Go to the line with "שר הביטחון בני" in the material below and copy from there through the line with "Figura 40C: No", exactly. Pictures are not copied.

**SUPPLIED DATA**
++++++

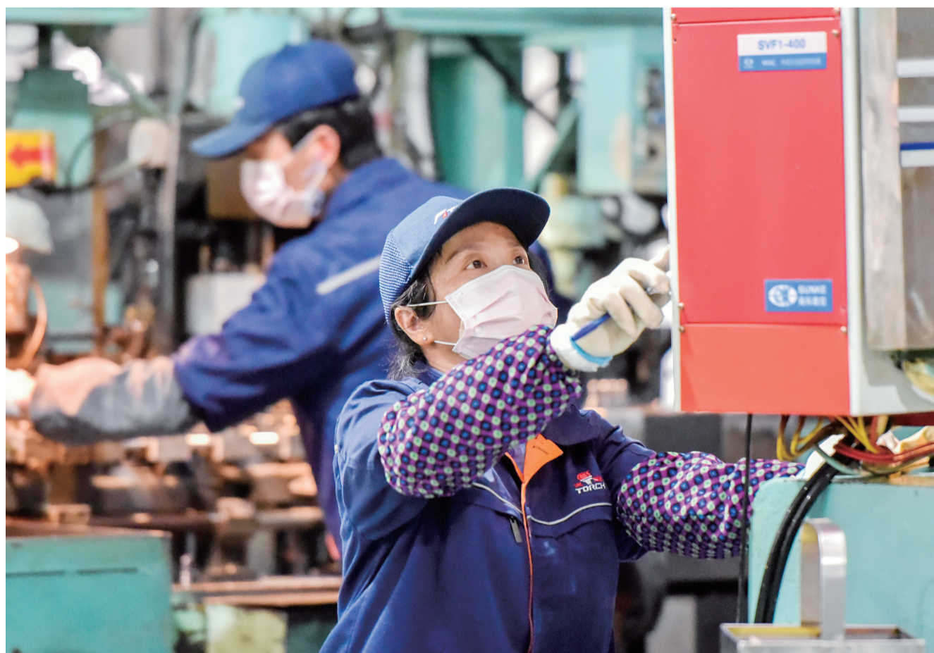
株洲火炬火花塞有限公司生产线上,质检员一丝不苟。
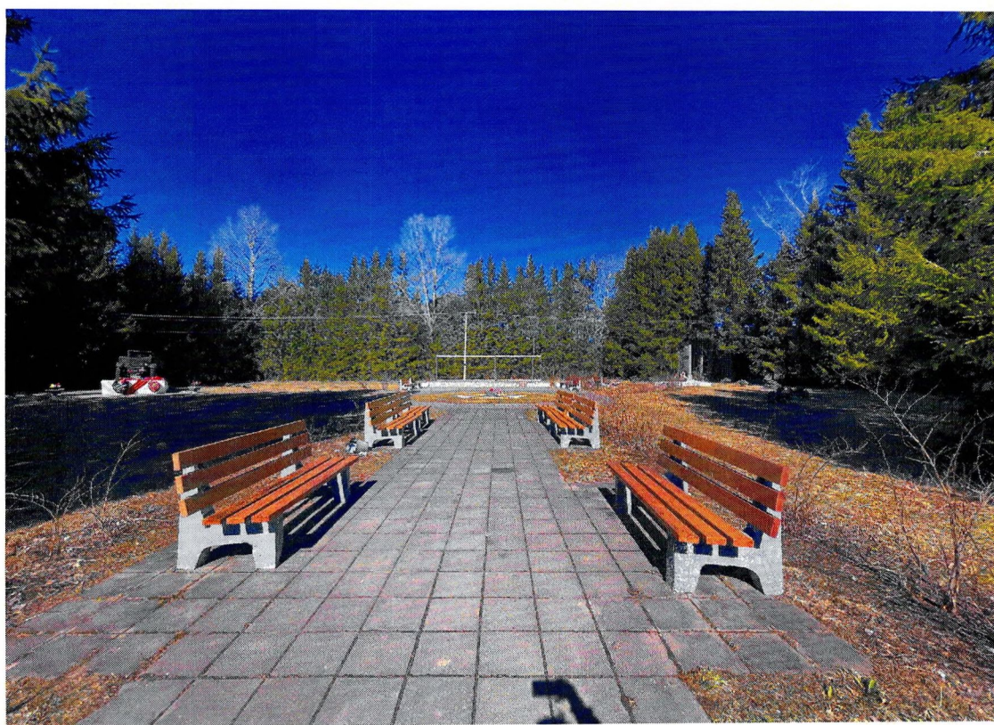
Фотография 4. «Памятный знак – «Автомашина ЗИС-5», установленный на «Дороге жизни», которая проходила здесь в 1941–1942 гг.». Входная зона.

++++++

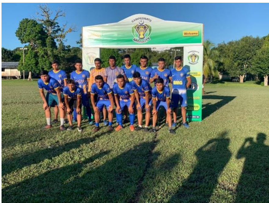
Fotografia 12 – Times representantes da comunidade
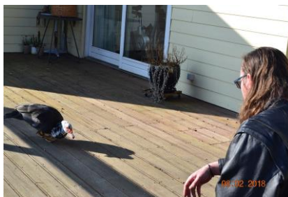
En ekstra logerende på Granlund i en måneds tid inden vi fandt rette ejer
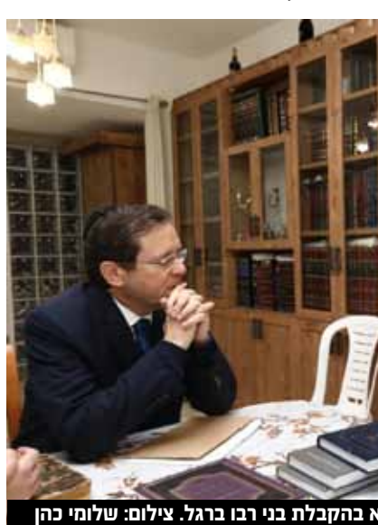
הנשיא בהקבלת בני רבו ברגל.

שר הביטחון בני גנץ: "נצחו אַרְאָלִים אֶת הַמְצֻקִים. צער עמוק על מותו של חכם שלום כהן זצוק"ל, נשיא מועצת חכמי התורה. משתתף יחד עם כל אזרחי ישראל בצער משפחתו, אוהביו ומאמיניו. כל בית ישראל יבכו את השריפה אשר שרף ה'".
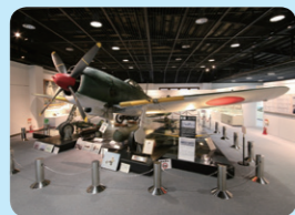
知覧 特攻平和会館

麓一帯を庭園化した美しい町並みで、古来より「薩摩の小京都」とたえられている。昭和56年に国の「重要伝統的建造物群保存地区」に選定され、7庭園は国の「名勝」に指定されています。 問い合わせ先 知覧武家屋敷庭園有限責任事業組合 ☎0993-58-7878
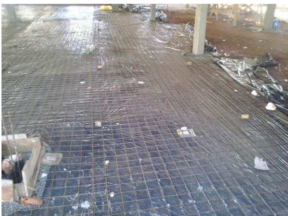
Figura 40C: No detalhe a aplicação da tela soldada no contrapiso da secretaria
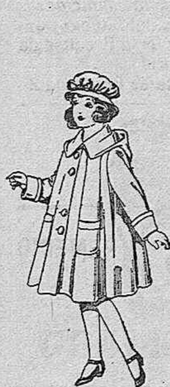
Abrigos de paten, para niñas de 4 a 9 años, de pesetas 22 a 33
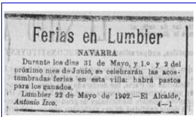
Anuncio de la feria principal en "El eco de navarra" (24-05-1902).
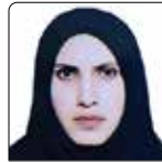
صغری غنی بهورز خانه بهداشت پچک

++++++

**EXERCISE SOLUTION**
שר הביטחון בני גנץ: "נצחו אַרְאָלִים אֶת הַמְצֻקִים. צער עמוק על מותו של חכם שלום כהן זצוק"ל, נשיא מועצת חכמי התורה. משתתף יחד עם כל אזרחי ישראל בצער משפחתו, אוהביו ומאמיניו. כל בית ישראל יבכו את השריפה אשר שרף ה'".
知覧 特攻平和会館

麓一帯を庭園化した美しい町並みで、古来より「薩摩の小京都」とたえられている。昭和56年に国の「重要伝統的建造物群保存地区」に選定され、7庭園は国の「名勝」に指定されています。 問い合わせ先 知覧武家屋敷庭園有限責任事業組合 ☎0993-58-7878
Figura 40C: No detalhe a aplicação da tela soldada no contrapiso da secretaria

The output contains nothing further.